The changes that Angelenos have seen throughout the city have progressed clockwise from Silverlake to Echo Park to Eagle Rock and to Highland Park. Now that more people are moving to the eastside, there is a preconceived notion of the changes that will happen in Boyle Heights.
The core issue of gentrification stems from the fear and reality of displacement. The economic makeup of Boyle Heights is changing, but the racial makeup still reflects the predominantly Latino identity of the neighborhood. In fact, many of the people moving into Boyle Heights are actually Latino residents with a higher income; therefore, the community is slowly becoming more economically diverse.
As Ahrens points in her 2015 research paper “Gentrify? No! Gentefy? Sí!”: Urban Redevelopment and Ethnic Gentrification in Boyle Heights, Los Angeles, the median household income increased from $33,235 in 2008 to $38,801 in 2012, which could be attributed to higher-income Latinos.
As a first-generation college graduate, I returned to my neighborhood after college, and was questioned by some of my peers as to why I came back. I remember being told by members of my community that I should leave the neighborhood because I have a college degree. I was an anomaly because of my educational trajectory.
The common narrative repeated within low-income neighborhoods is that people should get an education and move out; however, I argue that more Latino college graduates should return to their hood. If there are more Latino college graduates within a neighborhood, then we can leverage social and cultural capital to create multi-generational investments and become homeowners.
Unfortunately, many Latino college graduates who return or move into Boyle Heights may have the unintended consequence of potentially displacing a low-income family.

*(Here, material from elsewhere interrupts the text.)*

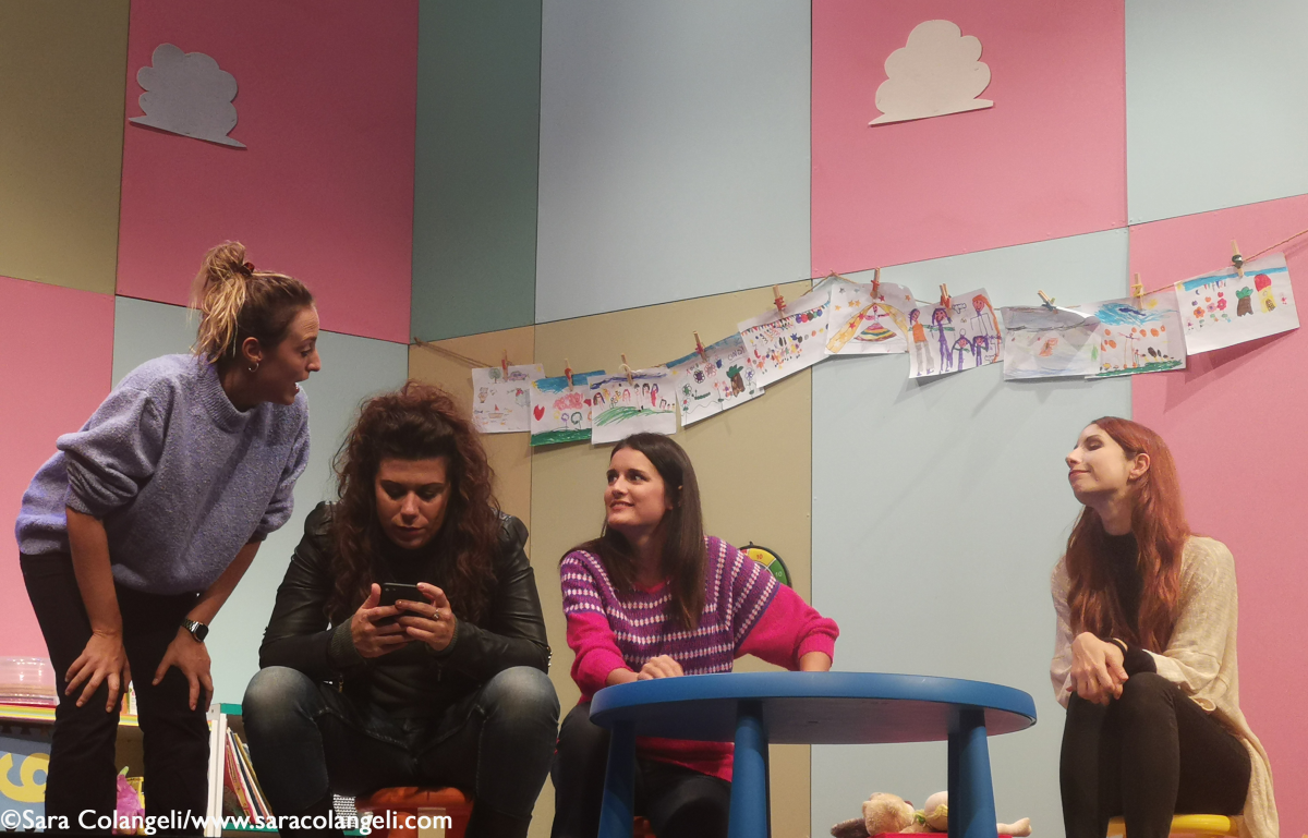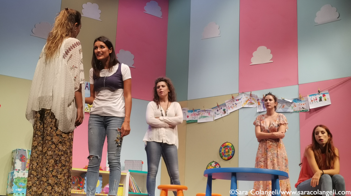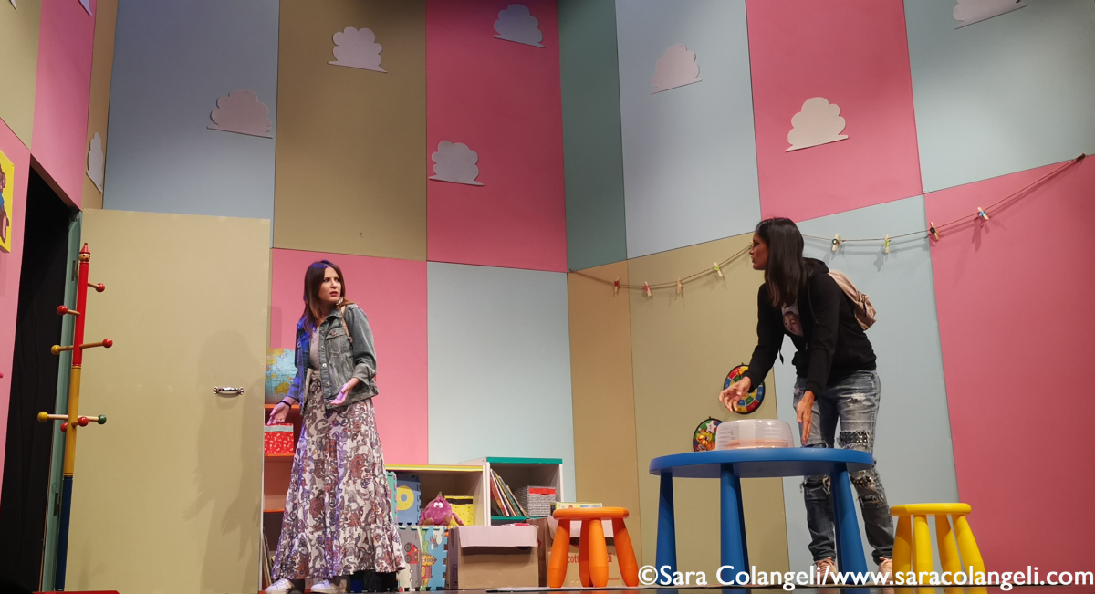 Ovviamente ci sono dei piccoli aggiustamenti, ma sono soprattutto arricchimenti. C’è per esempio una scena in più. Un momento carico di ricordi, dove le ragazze fanno il gioco che tutti sappiamo fare meglio quando siamo in compagnia degli amici: tirare fuori aneddoti e date correlate. In formazione per il momento Chiara David non c’è, impegnata sul fronte L’opera del Fantasma, viene egregiamente sostituita da Giulia Marinelli. Giovane, simpatica e spigliata è una macchina da guerra ed inanella battute a raffica mostrandosi perfettamente a su agio con il gruppo storico di Tabù. Per un palcoscenico importante, ci vuole una scenografia di tutto rispetto. Così anche la ludoteca dove si ritrovano le ragazze inizia a tingersi di colori idonei, con pannelli pastello tenui, che ricordano molto gli asili e baby parking di ultima generazione.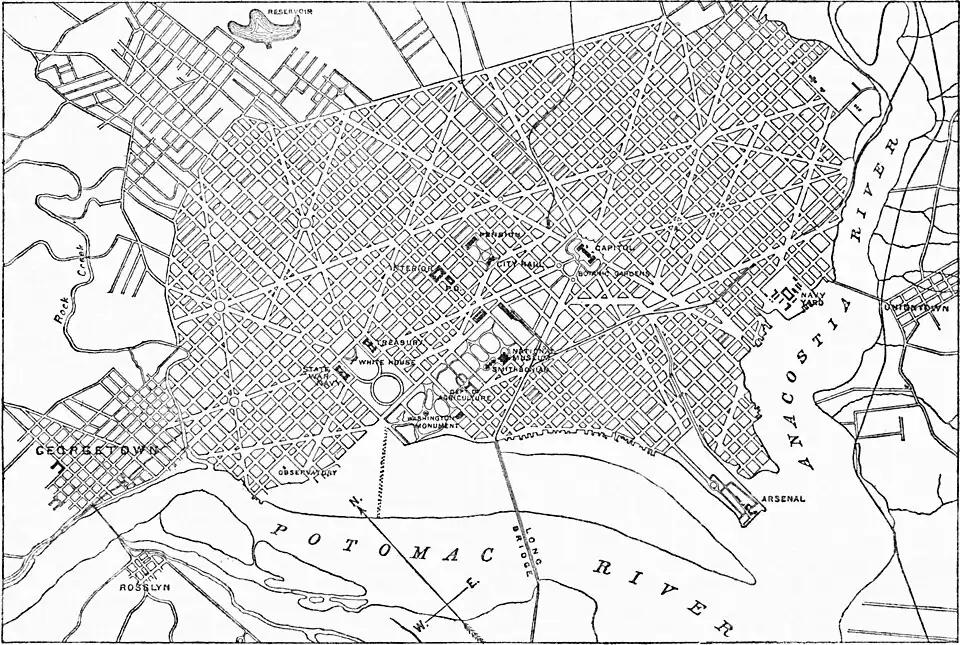 Washington was selected as the site for the federal capital in 1790. The States of Maryland and Virginia had ceded to the general Government a tract of land 10 miles square, lying on both sides of the Potomac, for that purpose. The Virginia portion was subsequently re-ceded to that State. In 1790 Georgetown was a city of considerable importance, but upon the site of Washington there were very few settlers. The plan of the city was drawn by Major l'Enfant, and the city laid out in accordance therewith by Andrew Ellicott. At that time the greater part of the site lying west of the Capitol was a morass, well-nigh impassable. The machinery of the government was moved to Washington in 1800, when it was “a backwoods settlement in the wilderness.” It existed principally upon paper, and the magnificence of the plan only served to emphasize the poverty of the execution. In 1814, during the second war with Great Britain, it was captured by the British troops, and the Capitol, together with most of the other public buildings, was burned. In 1839 it was described as a “large straggling village reared in a drained swamp.” Indeed, in 1871, although it had attained to considerable size, it was exceedingly backward in all municipal improvements. The public buildings and grounds were neglected. The streets were deep in mud, or clouded with dust; the unbuilt portions were morasses; and the sewerage was worse than useless. In that year Congress abolished the charters of the two cities, and instituted a form of territorial government, with a governor and a legislative assembly. The matter of municipal improvement was placed in the hands of a board of public works, with authority to carry out a comprehensive scheme. The work was commenced and pushed forward with the greatest energy, and almost fabulous results were achieved. In a very few years the appearance of the city was revolutionized. The cost of these improvements, was, however, enormous, and it was increased greatly by the rapidity with which the work was done. Much of it, too, was badly executed, so that it has been necessary to replace it. But, in spite of these drawbacks, the fact that Washington is one of the most beautiful and comfortable cities in the world is principally due to the first governor of the District and his board of public works. This government lived too fast to live long. In 1874 Congress abolished the territorial form, and established the present government by three commissioners.

With a college degree, residents are more likely to earn a higher income than the median income of the neighborhood, which means that they will have a higher willingness to pay for a more expensive apartment or house.
According to Ahren’s research, “higher-income Latinos begin to displace lower-income Latinos as a result of the upscaling processes” of the neighborhood, such as the $1 million-dollar streetscape improvement to Whittier Boulevard, the $3.1 million investment for Hollenbeck Park, and the $482 million-dollar development of the new Sixth Street Viaduct.
The identity of the working-class Latino neighborhood in Boyle Heights is at stake when upwardly-mobile Latinos and non-Latino higher income individuals arrive into the neighborhood. Some researchers argue that mixed-income neighborhoods have long-term positive effects for low-income children in terms of educational outcomes, employment opportunities, and health outcomes. But how exactly can higher income Latinos support the working-class families of our neighborhoods?
In order for the neighborhood to remediate the issue of displacement, we need community members to support local Latino-owned small businesses, invest in local non-profit organizations that address systemic issues (such as Leadership for Urban Renewal Network and Promesa Boyle Heights), and influence local, state, and federal elected officials to spearhead equitable housing policies that help renters become homeowners and break down multi-generational poverty.
Boyle Heights is at a crossroads. The community needs to develop a collective identity and stance on issues of displacement, affordable housing, equity building opportunities, and homeownership pathways. Ultimately, we need to find a way to revitalize our community without displacing our community.
Steven Almazan is a master of public policy (M.P.P.) candidate (2018) at UC Berkeley’s Goldman School of Public Policy doing research and analysis on displacement, affordable housing, and pathways for low-income families to build equity and capital in Boyle Heights. He is an active runner with the Boyle Heights Bridge Runners, and enjoys a café de olla every morning from La Mascota Bakery.